More recently, tech headlines buzzed about Moltbook, an internet forum designed exclusively for AI agents - essentially Reddit for AI. It turns out, AI agents care even less about security than humans.
During its short launch, Moltbook suffered serious security failures, including indirect prompt injection, unsafe OpenClaw “Skills” that enabled remote code execution and data exfiltration, hijacked heartbeat update loops that leaked API keys or ran shell commands, and even a malicious weather plugin that quietly stole private configuration files. The most severe incident occurred on January 31, 2026, when 404 Media reported an unsecured database that allowed attackers to commandeer any agent, forcing a platform shutdown and a reset of all API keys. The Financial Times warned this may foreshadow a future where autonomous agents operate faster than humans can meaningfully monitor or understand.
On a more constructive note, Anthropic researcher Nicholas Carlini recently described using 16 instances of Claude to build a C compiler from scratch. The article notes that “a C compiler is a near-ideal task for semi-autonomous AI: the specification is decades old, test suites already exist, and there’s a known-good reference implementation.
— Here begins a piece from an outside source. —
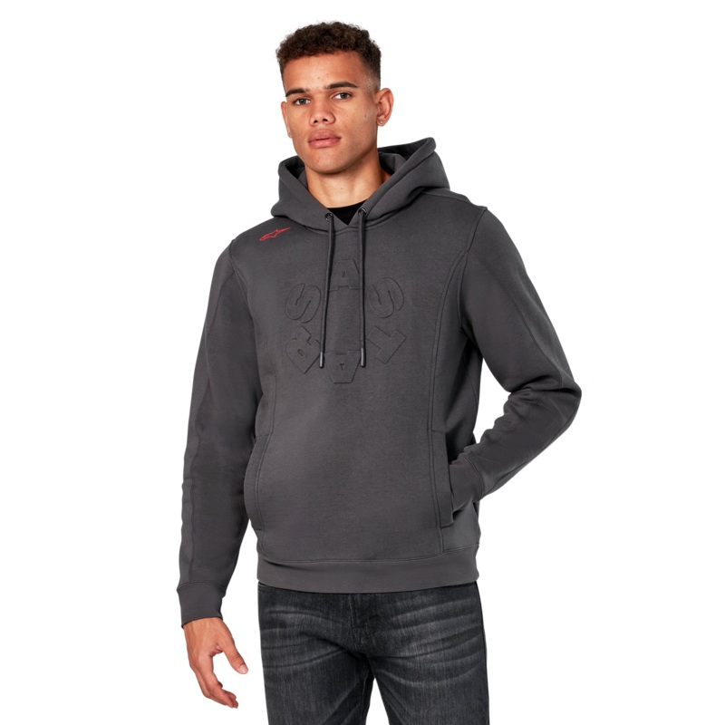 Alpinestars Substratus HoodiePULL OVER FLEECE HOODIEPull over hoodie with body seaming and welt pocketsEmbossed circle Astars word on chest. Logo prints at shoulder and back.Self lined hood, dipped drawcord tips, rib cuffs and hemInternal main label and ex

Most real-world software projects have none of those advantages.” Even with those parameters, the project needed a lot of guidance and support from Carlini.
Autonomy, of course, isn’t only about AI. Daniel Pink reminds us that autonomy - along with mastery and purpose - is a core driver of human motivation. Modern software practices like Agile and DevOps have spent years trying to give people more control over how they do their work. Teams are encouraged to make local decisions, own outcomes, and respond quickly instead of waiting for top-down direction.
What’s new is that we’re now granting similar autonomy to software systems. But human autonomy is shaped by experience, accountability, and consequences in ways AI is not. Humans build judgment over time and have to explain and live with the results of their decisions, while AI generates outputs based on patterns rather than responsibility.
So in the age of autonomy, the real challenge isn’t just what AI can do on its own, but how we design systems where human and machine autonomy reinforce each other without eroding accountability.
That’s why the theme for PNSQC 2026 is: Quality in the Age of Autonomy. This theme explores how quality practices evolve across a spectrum - from primarily human-driven teams to highly automated and AI-enabled systems. Regardless of tooling or maturity, quality remains grounded in intent, evidence, accountability, and learning.
We want PNSQC 2026 to be a place where you can highlight where generative AI shines - and call out where it falls flat or becomes risky or malicious. Submit your ideas here: www.pnsqc.org/cfp.
PNSQC 2026 welcomes submissions that share practical experience, thoughtful analysis, and transferable lessons across traditional testing, Agile practices, engineering rigor, leadership, and intelligent systems.
Who should submit: Practitioners and engineers involved in testing, test design, reliability, automation, or overall system quality. First-time authors are encouraged - PNSQC values real-world experience and transferable insight over name recognition. We especially welcome papers that share lessons learned, tradeoffs made, and outcomes others can apply.